Basti pensare che i principali predatori marini come il tonno, il pesce spada, lo squalo, sono oggi animali a rischio d'estinzione. Perché?
Pensando alle possibili insidie a cui l'ambiente marino deve far fronte la prima cosa che solitamente ci viene in mente è l'inquinamento che purtroppo non è l'unico nemico dei nostri oceani. C'è un nemico più insidioso di cui nessuno parla: la pesca a strascico.
Questa tecnica di pesca consiste nel gettare in mare pesanti reti, che una volta raggiunto il fondale vengono trainate per chilometri: proprio per questo essa rappresenta la tecnica di pesca più impattante per l'ambiente marino. Le reti a strascico infatti asportano qualunque cosa incontrino sul fondale: banchi di coralli, praterie di Posidonia oceanica, alghe, invertebrati, pesci, rettili e mammiferi, lasciandosi dietro ambienti devastati, dove le comunità biotiche originarie si potranno reimpiantare solo dopo decine, se non centinaia, di anni.

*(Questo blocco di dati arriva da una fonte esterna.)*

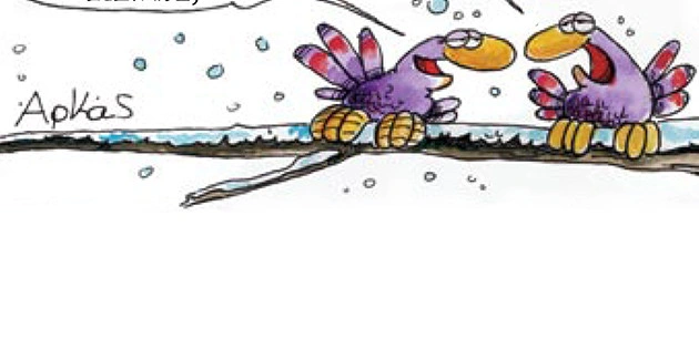 Στο σημερινό επίκαιρο σκίτσο ο σκιτσογράφος έχει σχεδιάσει τα γνωστά σπουργίτια να είναι πάνω σε ένα δέντρο και να συζητούν, ενώ πέφτουν νιφάδες χιονιού.
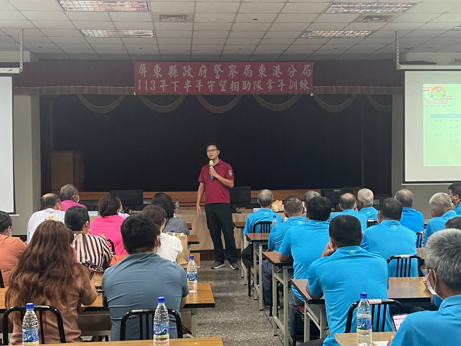 東港警察分局為強化守望相助隊員平時執勤技巧及法治觀念等,特於113年9月19日在分局5樓禮堂,召集轄內東港鎮下廍、東津、林邊鄉鎮安、崁頂鄉南望安及新園鄉瓦磘等共5個社區守望相助隊幹部及隊員計121人,辦理常年訓練,各隊均穿著所屬隊服,精神飽滿參訓,會中宣導巡守勤務執勤要領及注意事項、家庭暴力案件通報、警察運用技能、巡守勤務執勤要領及交通安全知識等宣導。本分局特別邀請東港消防分隊利用此次常訓機會,教導災害預防搶救通報、心肺復甦術操作及AED儀器使用方法並實際演練,籲請守望相助隊成員於村里巡守時,向社區民眾及村里親友進行教導。

Questo è particolarmente grave quando riguarda ecosistemi complessi e il cui ruolo biologico è fondamentale, come nel caso delle praterie di Posidonia oceanica, pianta acquatica endemica del Mar Mediterraneo. Essa forma delle praterie sottomarine che costituiscono la comunità climax nei nostri mari e al cui interno vivono molti organismi, animali e vegetali, che nelle praterie trovano nutrimento e protezione: policheti, ricci di mare, stelle marine, molluschi, pesci erbivori e carnivori.
Proprio per evitare questa pesante perdita di habitat e di specie in alcuni paesi, ad esempio in Italia, si è deciso di vietare la pesca a strascico entro le 3 miglia marine o al di sopra della batimetrica dei 50 metri, zone in cui si sviluppano queste comunità complesse; nonostante ciò rimane comunque frequente imbattersi in pescherecci che praticano lo strascico anche in zone vietate.
Un altro problema della pesca a strascico è la non selettività: essa raccoglie di tutto, specie commerciali e non commerciali, adulti e giovani: lo scarto di questa tecnica di pesca rappresenta quasi l'80% del pescato totale, che viene dunque rigettato in mare perché non vendibile (tartarughe, delfini, squali o animali troppo giovani perciò di taglia inferiore alla taglia minima commerciabile).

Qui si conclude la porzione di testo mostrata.